Rilke: Is it better to choose one's career carefully, or to know oneself through trial and error?

Monument to the poet Rainer M. Rilke in the city of Ronda, Spain. In the gardens of hotel Reina Victoria.
Photo by Wwal [Public domain] via Wikimedia


Letters to a Young PoetLetters to a Young Poet by Rainer Maria Rilke

My rating: 4 of 5 stars


Rilke wrote a series of letters to the young poet, Franz Xaver Kappus, beginning in 1902. Kappus was reading Rilke's poetry under the chestnut tress at the Military Academy in Wiener Nuestadt when his teacher, Horaček, noticed the volume. Rilke had been a pupil at the Military Lower School in Sankt Pölten when Horaček was a chaplain there, and Horaček had known Rilke personally. 

The military proved not to be for Rilke, and he continued his studies in Prague. Kappus, however, felt that his own choice to pursue a military career was "directly opposed to my own inclinations", yet would continue his military career for years after. In the meantime, Kappus decided to write to Rilke to ask for feedback on his own poetry, and Rilke maintained their correspondence despite his constant travels. 

By Rilke's tone in the letters, it is obvious that he enjoyed his correspondence with Kappus, and often told Kappus that if he wished to be a poet, he would need to change careers, or, at worst, he might find time in barracks life to keep at his poetry. The book provides Rilke's correspondence to Kappus, beginning with his return letter of 1903 and continuing until 1908. 

The book also includes a second work, The Letter from the Young Worker, which adopts a letter format to "a polemic against Christianity". This style recalls the dialogues of Plato and others, but in this case is one side of a potential written conversation. In many ways, the style mirrors the way we read Rilke's correspondence with Kappus, only having (mostly) one side of the narrative. In his first response, Rilke provides some important feedback. He suggests that Kappus' poetry lacks an identity. He suggests that Kappus is looking to the outside, but the answer is (pp. 6-7):
Go into yourself. Examine the reason that bids you to write. This above all: ask yourself in your night's quietest hour: must I write? Dig down deep into yourself for a deep answer. And if it should be affirmative, if it is given to you to respond to this serious question with a loud and simple "I must', then construct your life according to this necessity; your life right into its most inconsequential and slightest hour must become a witness to this urge... A work of art is good if it has risen out of necessity... Accept this answer as it is, without seeking to interpret it. Perhaps it will turn out that you are called to be an artist... Then assume this fate and bear it, its burden and its greatness, without ever asking after the rewards that may come from outside.
Imagine having such a mentor? Rilke was patient, kind, and wise. His connection with Kappus has, perhaps, something to do with being a poet while in the military system, something I identify with personally (having found that the military was, once I neared the tell-tale signs of the evening of my youth, "directly opposed to my own inclinations"). 

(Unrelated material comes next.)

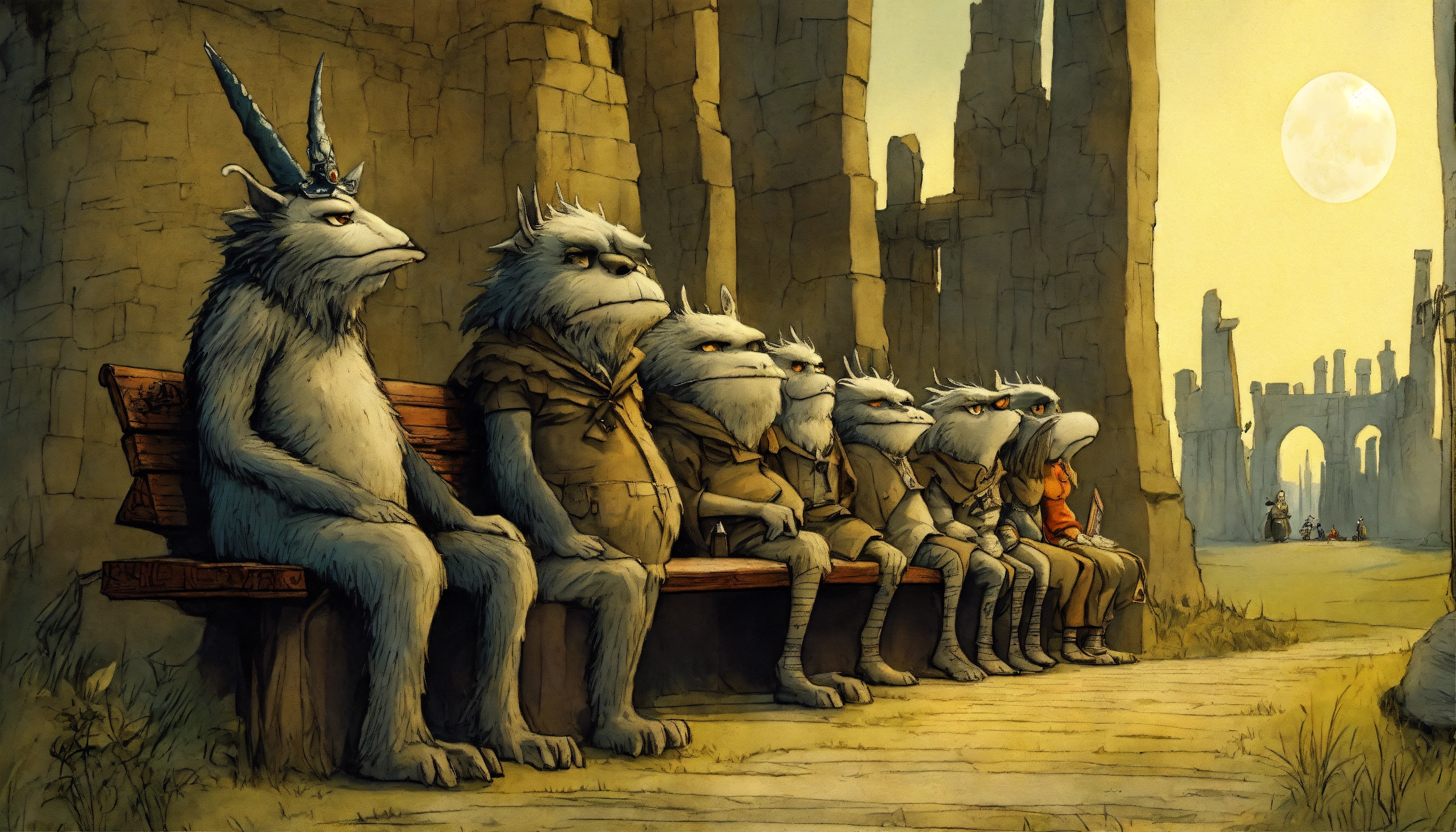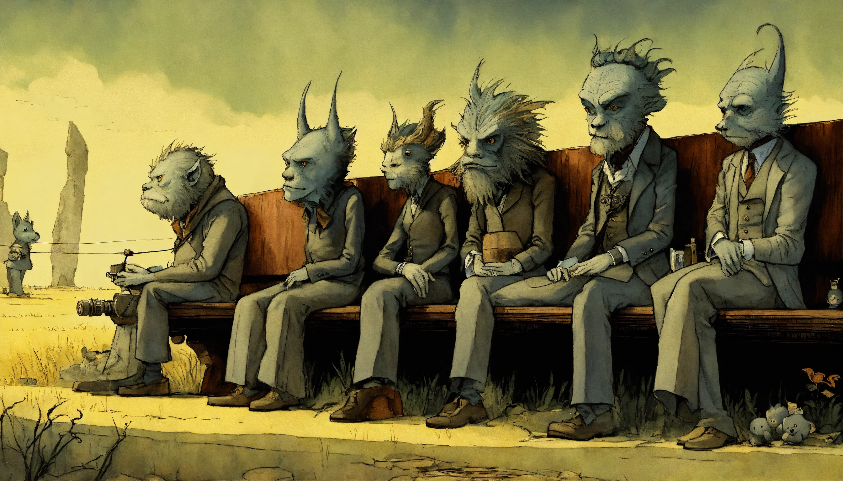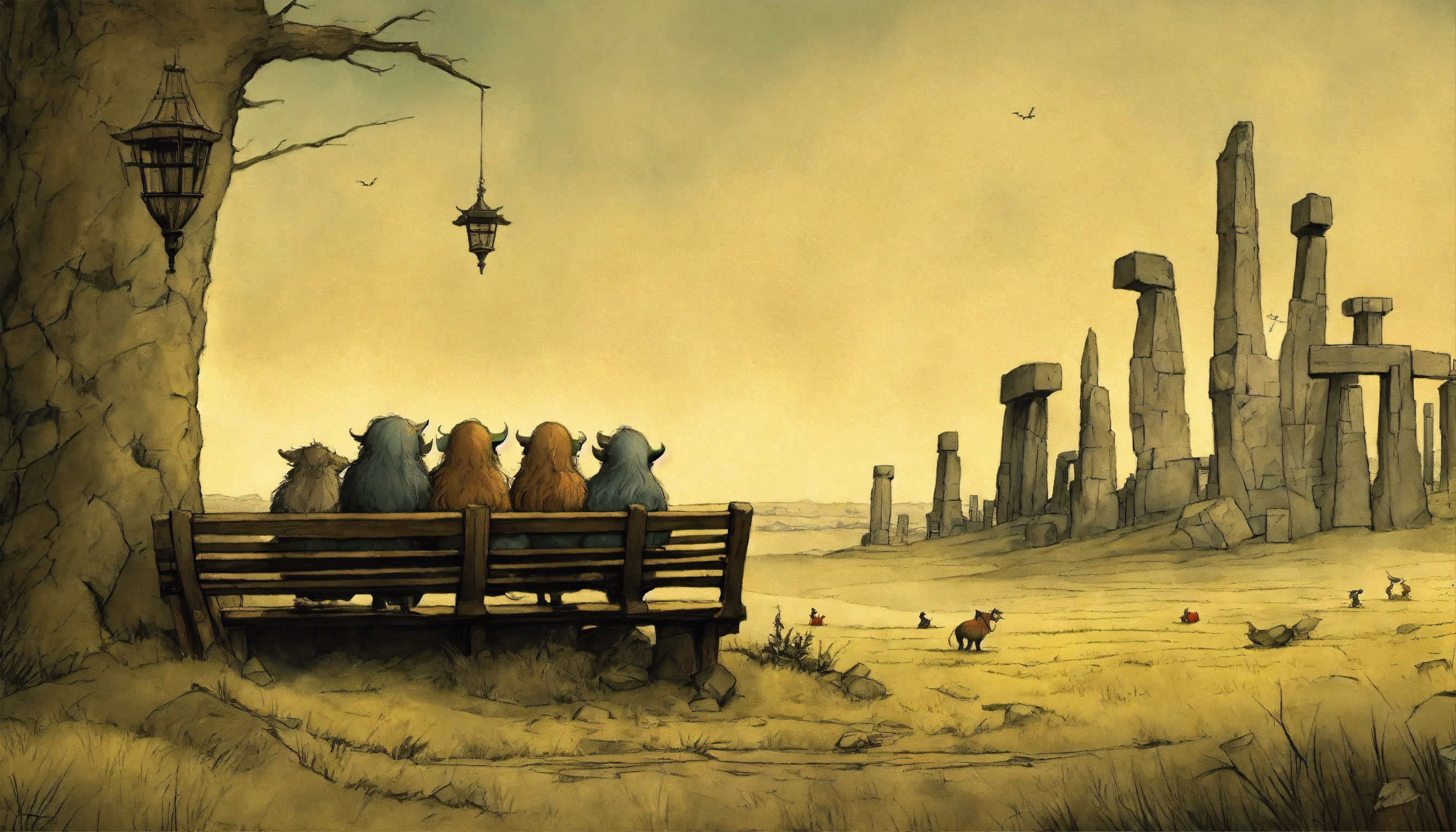 By gris grimly, maurice sendak, monsters sitting on a bench looking at stonehenge, in the style of jean-baptiste monge, tim burton, remedios varo, juni ito, giorgio de chirico 8k resolution concept art trending on artstation hyperdetailed medium shot, vignette 8k resolution hyperdetailed intricate liminal eerie precisionism dslr filmic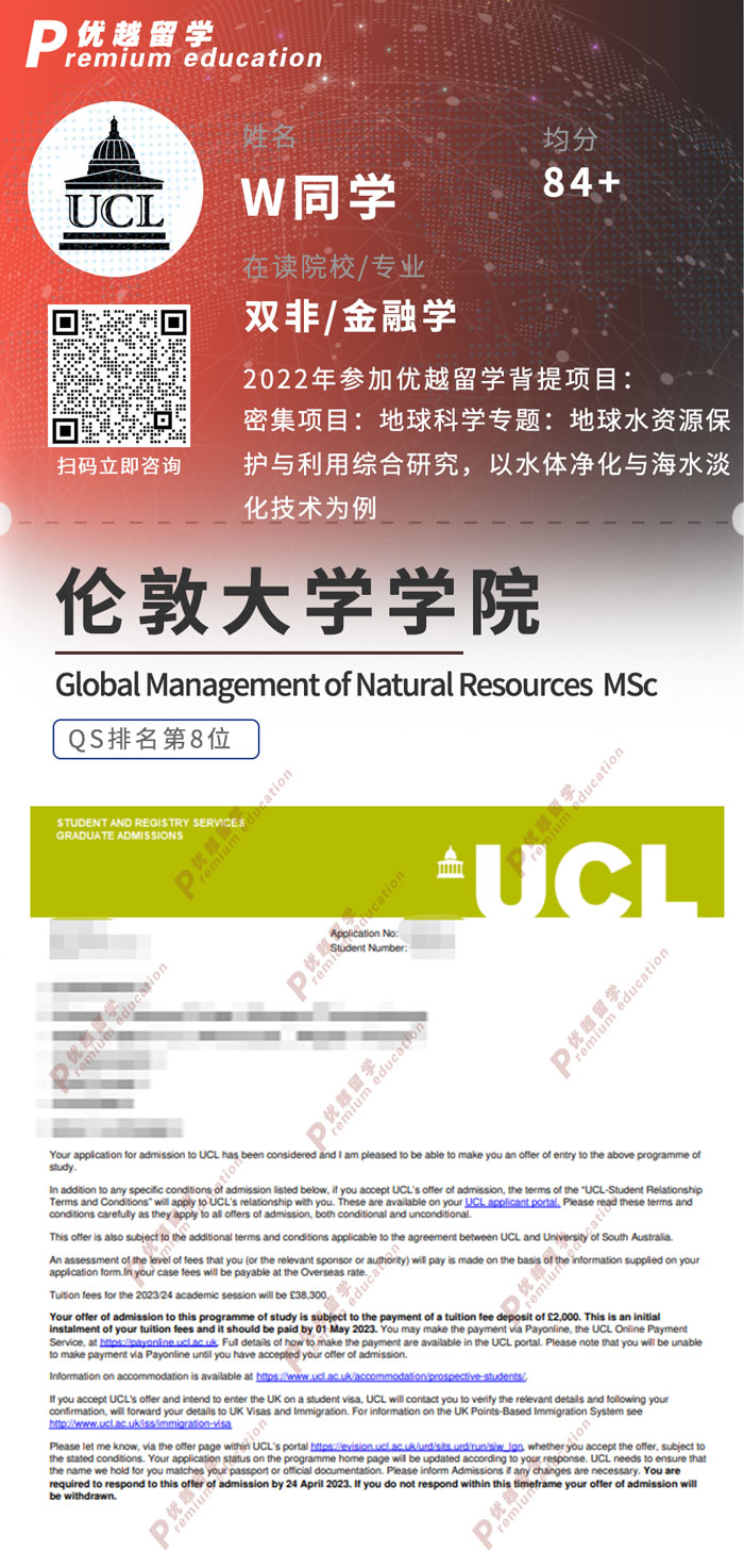 2023offer來襲!恭喜W同學在碩士留學申請中斬獲倫敦大學學院全球自然資源管理碩士通知書!

There is so much in such a short work, with Rilke's advice becoming "Candidean" - "take refuge in [subjects] offered by your own day-to-day life" - and focused on the individual rather than the work (and not in a mean-spirited way but as a mentor). 

Given that Kappus continues his military career and does not become a poet of any note, and that Rilke was the opposite in springing from the military's well, it makes me wonder: should we take care in choosing our careers so we do not waste time in the wrong station? Or should we learn what really floats our boat through trial and error? I suspect, based on Rilke's care for Kappus' work, that Rilke really knew himself as a result, while I felt that, perhaps, Kappus had taken the easy option.